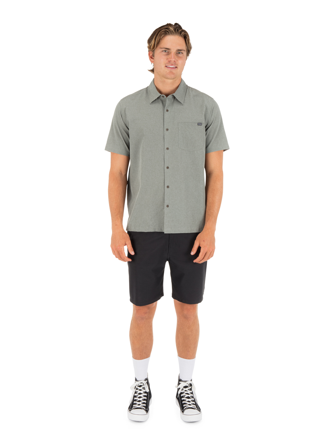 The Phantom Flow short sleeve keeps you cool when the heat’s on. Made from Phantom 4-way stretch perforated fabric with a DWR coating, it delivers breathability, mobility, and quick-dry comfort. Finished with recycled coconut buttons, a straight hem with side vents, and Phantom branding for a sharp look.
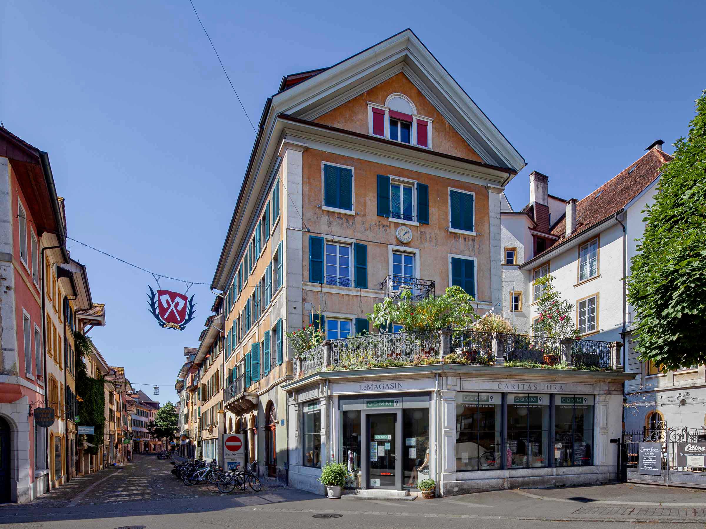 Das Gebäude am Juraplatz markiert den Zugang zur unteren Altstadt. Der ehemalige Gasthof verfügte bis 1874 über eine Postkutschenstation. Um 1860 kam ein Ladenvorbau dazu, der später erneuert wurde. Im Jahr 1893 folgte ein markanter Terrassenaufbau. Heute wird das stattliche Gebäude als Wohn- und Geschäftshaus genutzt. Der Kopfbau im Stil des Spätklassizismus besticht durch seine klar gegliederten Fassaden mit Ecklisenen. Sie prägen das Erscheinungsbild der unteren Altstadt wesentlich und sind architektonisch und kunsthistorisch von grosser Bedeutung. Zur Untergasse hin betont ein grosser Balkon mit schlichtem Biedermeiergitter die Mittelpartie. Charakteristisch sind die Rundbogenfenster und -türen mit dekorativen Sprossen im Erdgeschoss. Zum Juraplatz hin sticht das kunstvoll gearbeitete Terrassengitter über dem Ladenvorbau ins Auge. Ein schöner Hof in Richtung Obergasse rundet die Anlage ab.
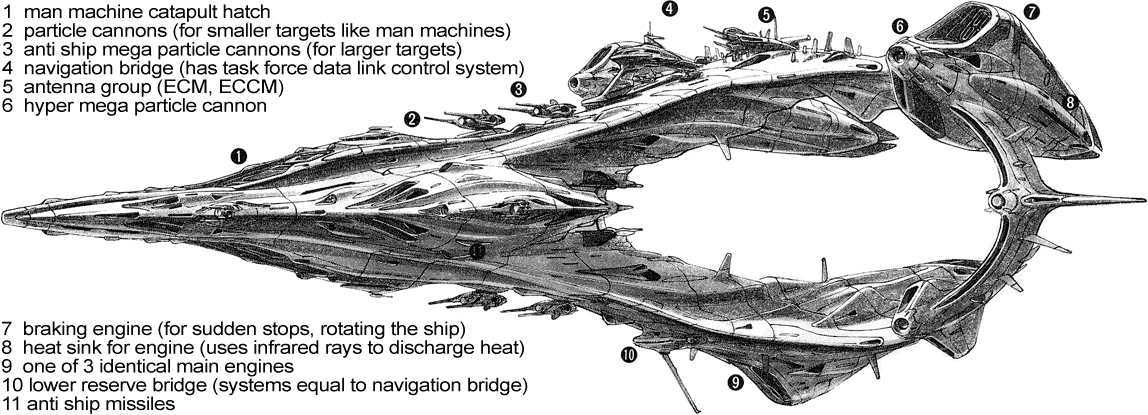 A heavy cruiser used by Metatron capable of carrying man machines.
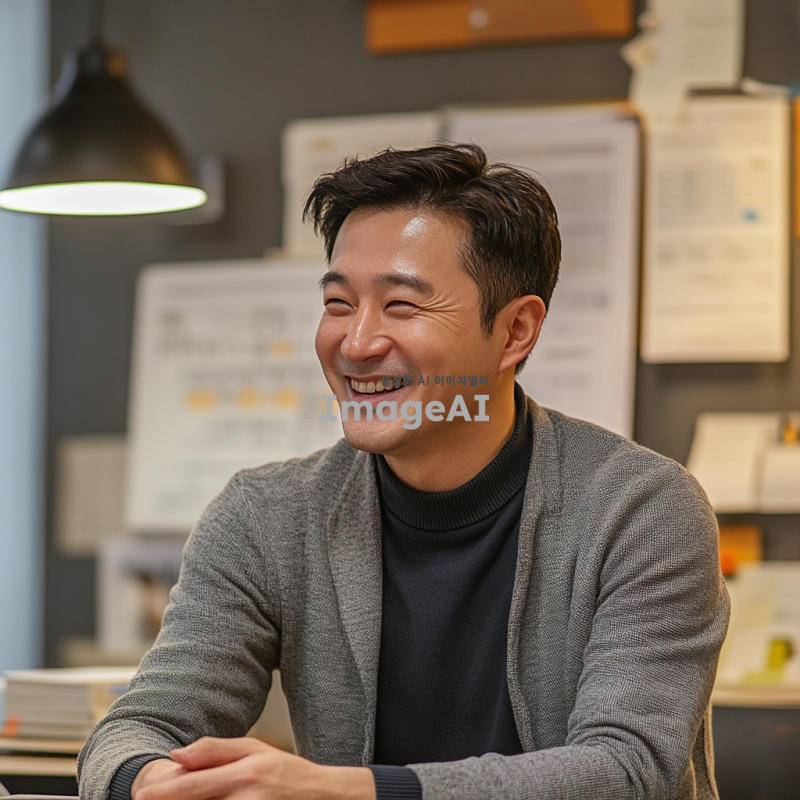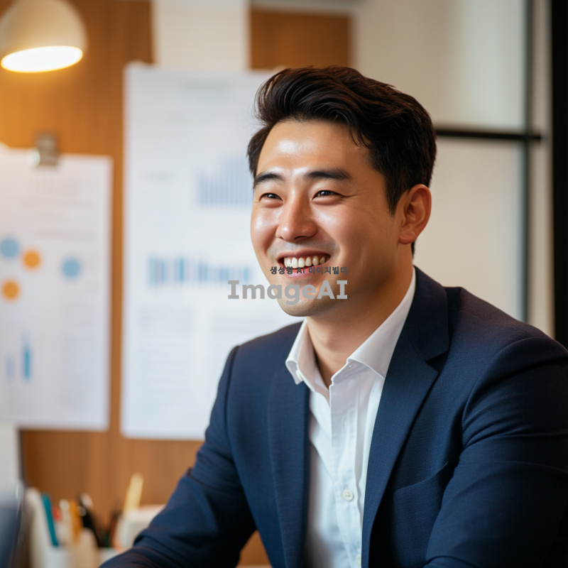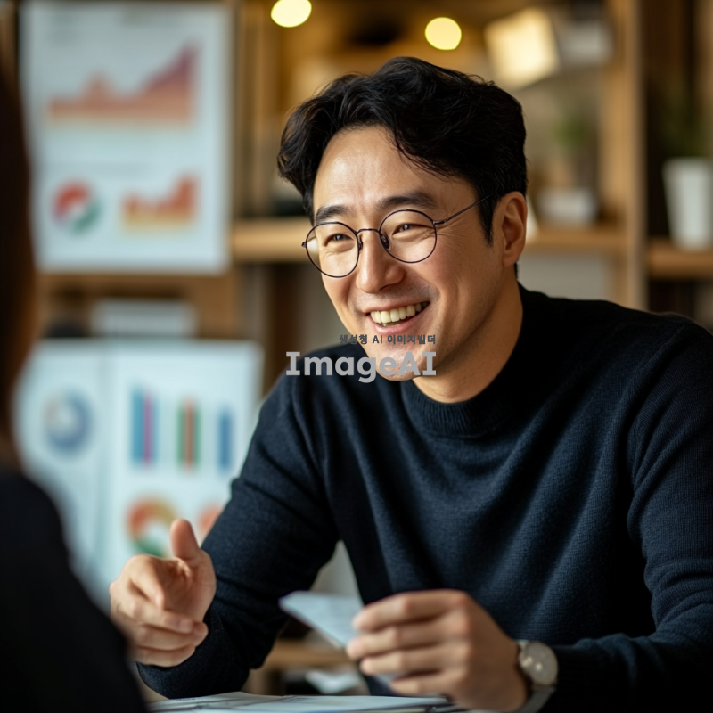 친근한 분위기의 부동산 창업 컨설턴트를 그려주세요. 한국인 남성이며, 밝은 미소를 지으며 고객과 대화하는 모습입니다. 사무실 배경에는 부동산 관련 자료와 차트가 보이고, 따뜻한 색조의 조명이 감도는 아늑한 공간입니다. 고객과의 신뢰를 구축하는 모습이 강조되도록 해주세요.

....

Exercise aim
The output must start at the line holding "Das Gebäude am", end at the last line of the listing above, and show each line exactly; please omit all pictures.

Response for this exercise
 Das Gebäude am Juraplatz markiert den Zugang zur unteren Altstadt. Der ehemalige Gasthof verfügte bis 1874 über eine Postkutschenstation. Um 1860 kam ein Ladenvorbau dazu, der später erneuert wurde. Im Jahr 1893 folgte ein markanter Terrassenaufbau. Heute wird das stattliche Gebäude als Wohn- und Geschäftshaus genutzt. Der Kopfbau im Stil des Spätklassizismus besticht durch seine klar gegliederten Fassaden mit Ecklisenen. Sie prägen das Erscheinungsbild der unteren Altstadt wesentlich und sind architektonisch und kunsthistorisch von grosser Bedeutung. Zur Untergasse hin betont ein grosser Balkon mit schlichtem Biedermeiergitter die Mittelpartie. Charakteristisch sind die Rundbogenfenster und -türen mit dekorativen Sprossen im Erdgeschoss. Zum Juraplatz hin sticht das kunstvoll gearbeitete Terrassengitter über dem Ladenvorbau ins Auge. Ein schöner Hof in Richtung Obergasse rundet die Anlage ab.
 A heavy cruiser used by Metatron capable of carrying man machines.
 친근한 분위기의 부동산 창업 컨설턴트를 그려주세요. 한국인 남성이며, 밝은 미소를 지으며 고객과 대화하는 모습입니다. 사무실 배경에는 부동산 관련 자료와 차트가 보이고, 따뜻한 색조의 조명이 감도는 아늑한 공간입니다. 고객과의 신뢰를 구축하는 모습이 강조되도록 해주세요.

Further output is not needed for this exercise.